Good Windows video editors (on Boot Camp)

Discussion in 'Digital Video' started by dandeco, May 13, 2012.

  1. dandeco macrumors regular

    Dec 5, 2008
    Since I often do quite a bit of video production, I thought I'd share a few suggestions on if you want to edit video on the Boot Camp partition of an Intel Mac, or if you have a powerful Windows PC that would be suitable for it. (My early 2009 MacBook has a decent Windows 7 partition that usually is pretty good with video editing.) These are the ones that I have used, and my critiques on them, on both regular PCs and on my MacBook (for Boot Camp, I strongly recommend this being on any Intel Mac that doesn't have a wimpy Intel GMA graphics chip (like the old Intel Mac Minis and MacBooks.)

    Just about every PC user has used this for home movie purposes at one time or another. Nowadays it's actually pretty generic, in terms of the final product, but is useful for some things. Windows Movie Maker 6 on Vista is more slick, but it can't capture from a webcam or an analog video source like Windows Movie Maker 2 on XP could (that was one of my favorite features.) Windows 7 users that want a decent free timeline-based editing program can download Windows Movie Maker 2.6, which is basically the Windows XP Movie Maker without capturing.

    I've tried this a few times, and it's kind of baffling. Pretty much a cheap knockoff of the later iMovie programs, and with lesser video effect/transition capabilities.

    This is actually pretty similar to iMovie HD 6 in terms of features, but has some more useful "prosumer" utilities as well. You'd need a lot of horsepower to run it though (there are many reviewers from people who tried running Studio on "average" PCs and the program often malfunctioned.) It can even directly capture analog video without the need of a FireWire converter (you would use an analog video capture card or one of Pinnacle's USB MovieBox or Dazzle Video Creator devices.) It also has picture-in-picture/Chromakey built in (the old iMovie needed third-party plugins for this), some pretty good video transitions and effects and image improvement control, an excellent title editor, a built-in stock music generator and a really good built-in DVD authoring module.

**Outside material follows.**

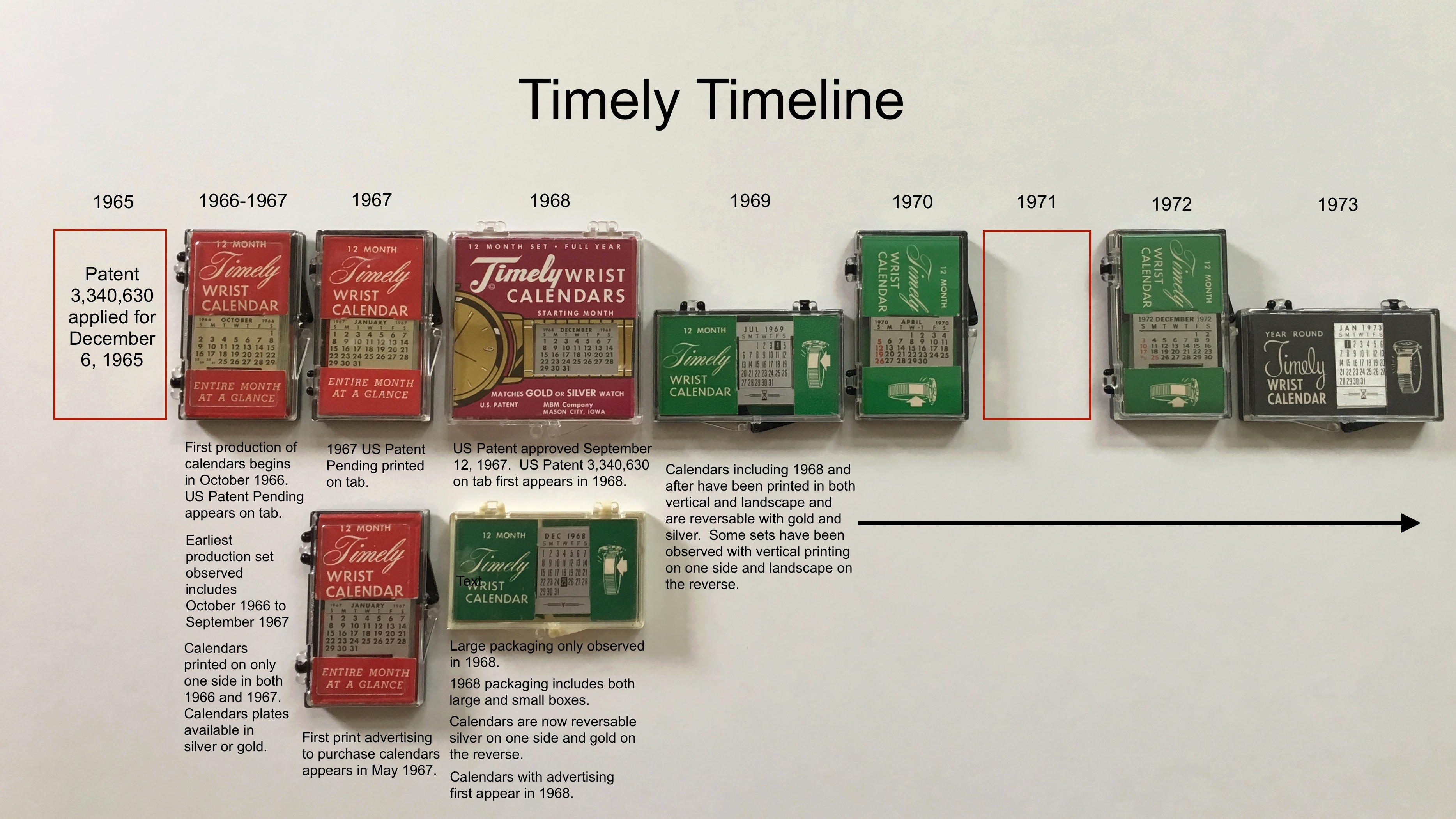 Finally, the quest began. After months of searching and checking multiple sources I checked ebay everyday, if not every few hours, under multiple words and combinations only finding H shaped calendars by Profile from the 80's, to current production ones, to the newer oval calendars. Then last week, to my surprise, the elusive Timely calendar appeared. While ideally I was looking for calendars from '68-'70 I purchased them immediately and victory was declared.

It supports two video tracks and four audio tracks (again, similar to iMovie '11), and it also has its own title/graphic-overlay track. It also has background rendering for its effects and transitions (again, like iMovie HD.) It can compress/export movie files for use on iPods, various mobile devices and more (it even has direct YouTube upload like post-2007 iMovie versions do!)
    There is also "Avid Studio," a more upscale/prosumer version with support for unlimited video/audio tracks, more transitions and effects and editing options, and more (this is more closer to a "consumer" version of Final Cut Pro X.)

    It currently also comes in a Mac version, and is almost like a consumer version of Premiere Pro or Final Cut Express (complete with 99 video/audio tracks.) Again, you'd need a powerful PC to run it. It even has "themes" and a stock music generator similar to the one Pinnacle Studio comes with (the Mac version has an SE version of SmartSound SonicFire included!)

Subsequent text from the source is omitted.